If our second derivative is actually positive at a point, then therefore we can say it’s concave up. And the way that helps us is actually with the second derivative test is that if it’s concave up, we know that it’s actually gonna be a local minimum point. If our second derivative at a point is negative, then therefore we know that this is actually gonna be a section that is concave down. And our second derivative test tells us, therefore, we know that this is gonna be a maximum point.

Okay, great! Now we know what we need to do. Let’s get on and actually find the second derivative of our function. In order to actually find the second derivative of our function, what we need to do is actually differentiate our slope function we found earlier, which was 36𝑥 cubed minus four 𝑥. And if we do that, we actually get 108𝑥 squared minus four. And we actually differentiate it a second time using the exact same rules as previously. So we actually multiplied the coefficient by the exponents give us 108. And then we reduced the exponent by one.

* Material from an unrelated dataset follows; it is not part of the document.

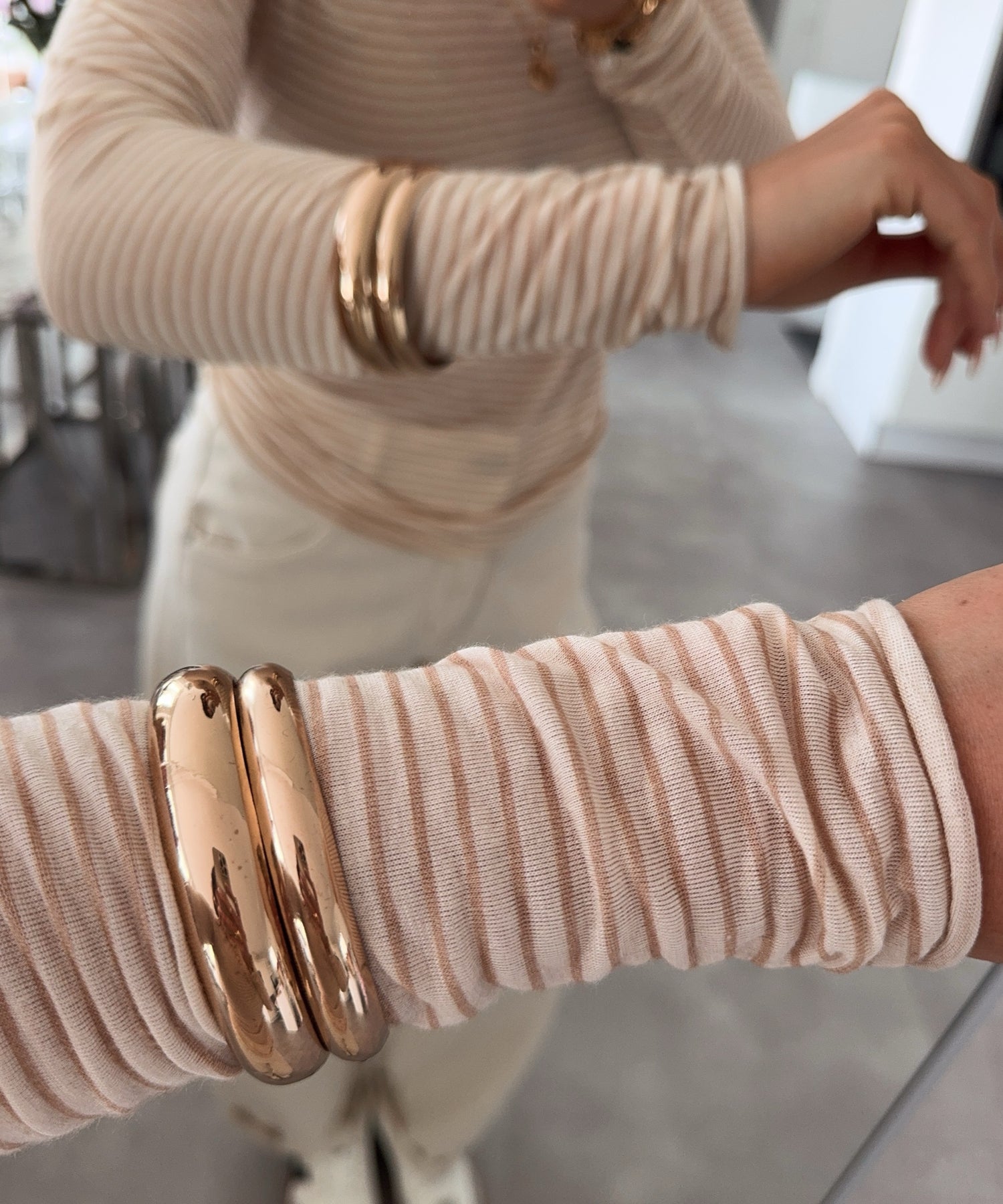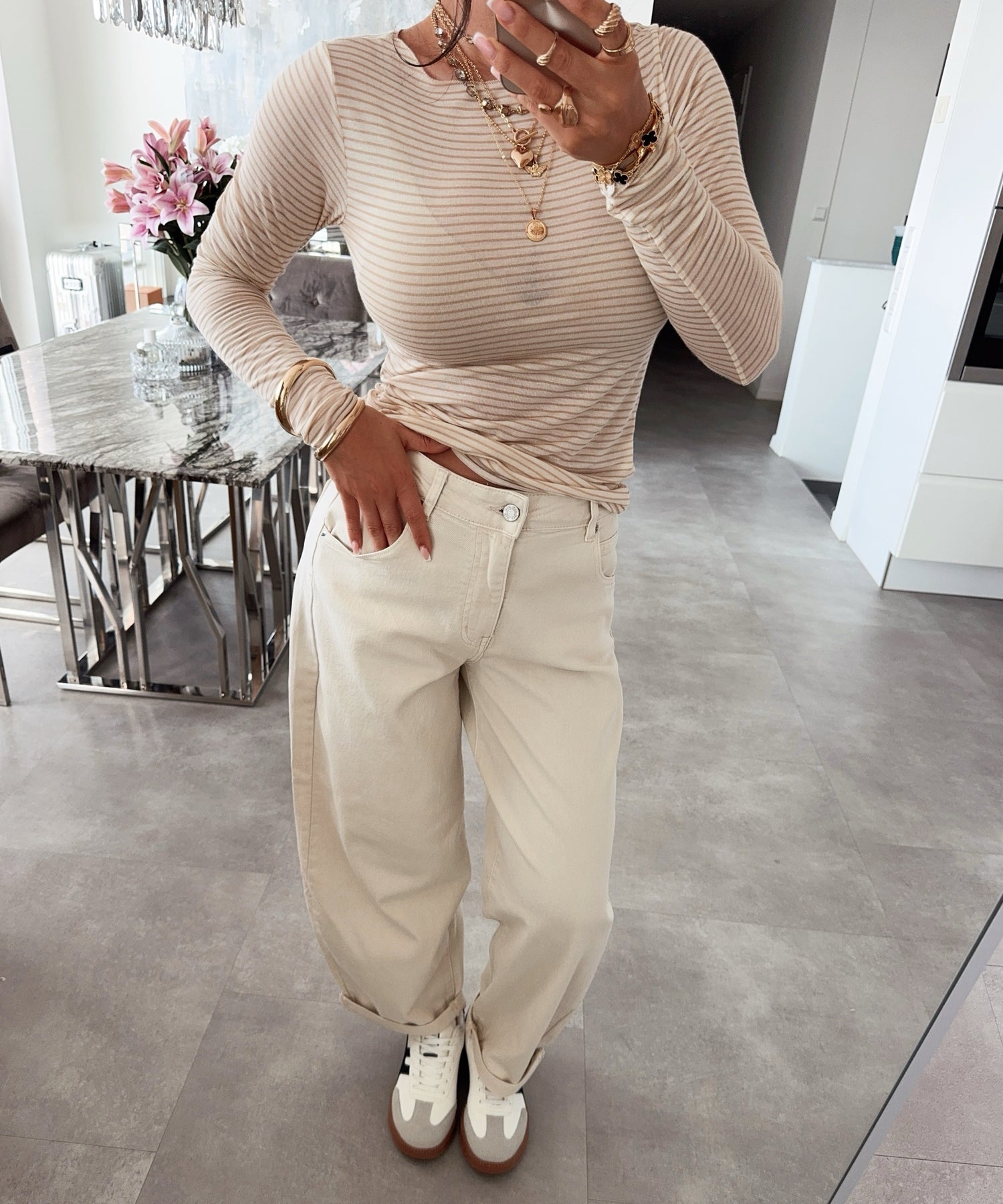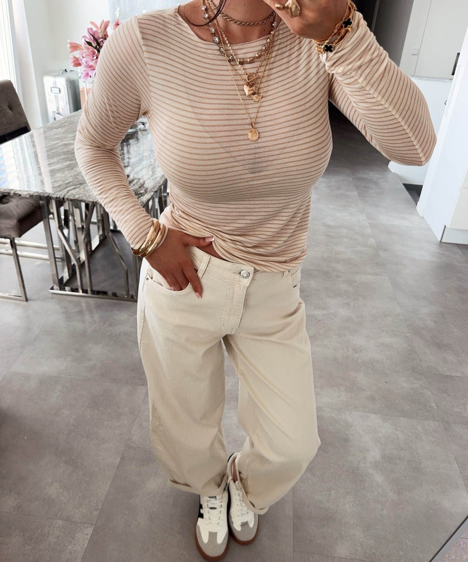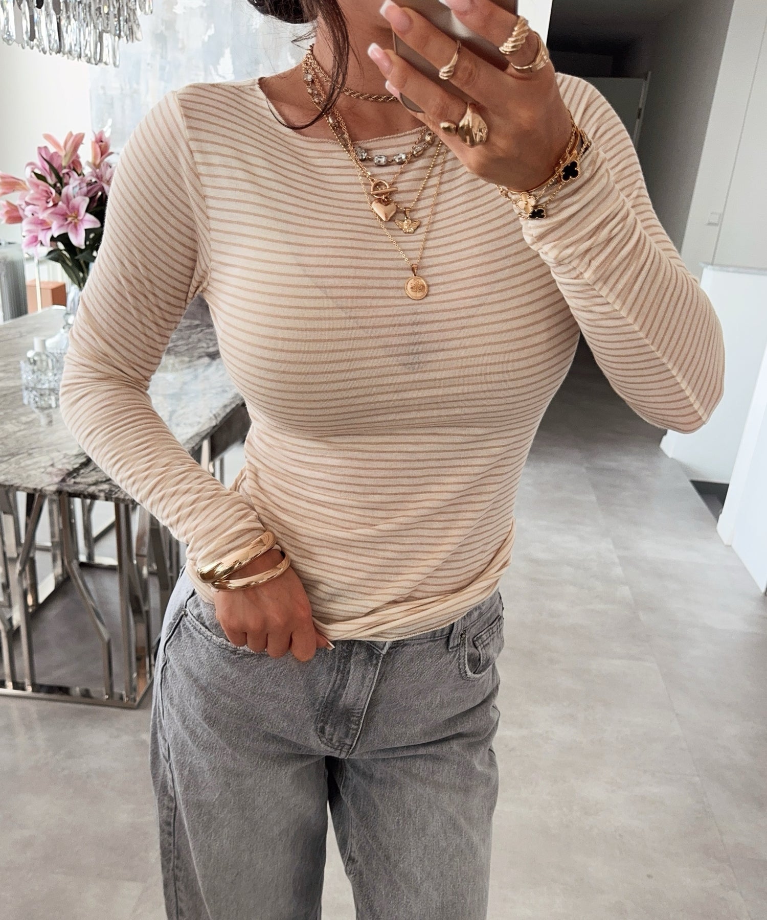 Viskose/Kaschmir Oberteil Leona Streifen Beige Ladypolitan ♡

Okay, we’ve got the second derivative. Now what’s the next stage? Well, now what we’re gonna do is actually substitute our values of 𝑥 in to determine whether it’s concave up or concave down and thus a maximum or minimum point. So first of all, we start with the point where 𝑥 is equal to zero. So we can say that the second derivative is gonna be equal to 108 multiplied by zero squared minus four, which is just gonna give us an answer of negative four. And if we take a look, because it’s negative, then therefore it’s gonna be concave down. So we know that this is actually gonna be a maximum point.

So next, we’re gonna move on to when 𝑥 is equal to a third. So we get 108 multiplied by a third squared minus four, which is equal to 108 over nine minus four, which is 13 minus four, which is equal to nine. And we can see that actually this answer is positive. So therefore, at this point, we can see that actually it’s gonna be concave up. So it’s actually therefore going to be a minimum value.

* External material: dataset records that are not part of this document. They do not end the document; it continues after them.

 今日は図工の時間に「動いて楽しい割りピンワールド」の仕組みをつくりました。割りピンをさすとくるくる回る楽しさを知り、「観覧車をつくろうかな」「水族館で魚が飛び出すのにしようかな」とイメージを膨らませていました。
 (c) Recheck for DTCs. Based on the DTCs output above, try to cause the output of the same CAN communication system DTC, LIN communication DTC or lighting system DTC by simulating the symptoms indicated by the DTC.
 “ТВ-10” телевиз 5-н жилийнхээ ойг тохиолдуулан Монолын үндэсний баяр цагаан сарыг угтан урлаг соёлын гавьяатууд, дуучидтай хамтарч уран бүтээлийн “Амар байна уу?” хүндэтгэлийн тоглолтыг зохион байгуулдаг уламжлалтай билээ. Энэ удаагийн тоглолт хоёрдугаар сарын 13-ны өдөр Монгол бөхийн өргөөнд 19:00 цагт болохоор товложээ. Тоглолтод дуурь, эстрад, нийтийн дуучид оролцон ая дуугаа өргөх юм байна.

Then finally, we move on to the value when 𝑥 is equal to negative a third. Well, actually if we look at this, it should be the same as the previous value. And that’s because when we found the values of the function when it was negative a third, they were the same. But let’s do the calculation anyway.

So we have 108 multiplied by negative a third all squared minus four, which will give us 108 over nine minus four. That’s because we had negative a third squared. So it makes it positive. So as expected, we got the same value as previously when 𝑥 was equal to a third, which was nine. So again, we’d say it’s concave up, which means it’s going to be a minimum point.

So now we’ve actually found all of our values. And we’ve determined whether they’re maximum or minimum. So we can bring it together and say the function has a local maximum value of negative five. And we actually got to this point because when 𝑥 was equal to zero, the value of our function was negative five. And then we used the second derivative test to actually show that it was a maximum because the value of the second derivative at this point was negative four.

And we have a local minimum value of negative 46 over nine. That’s because, at the 𝑥-coordinates of a third and negative a third, we found the value of our function to be both negative 46 over nine. And then again, we used the second derivative test to prove that it was a minimum, because at these points, the value of our second derivative was nine, which is positive and therefore a minimum value.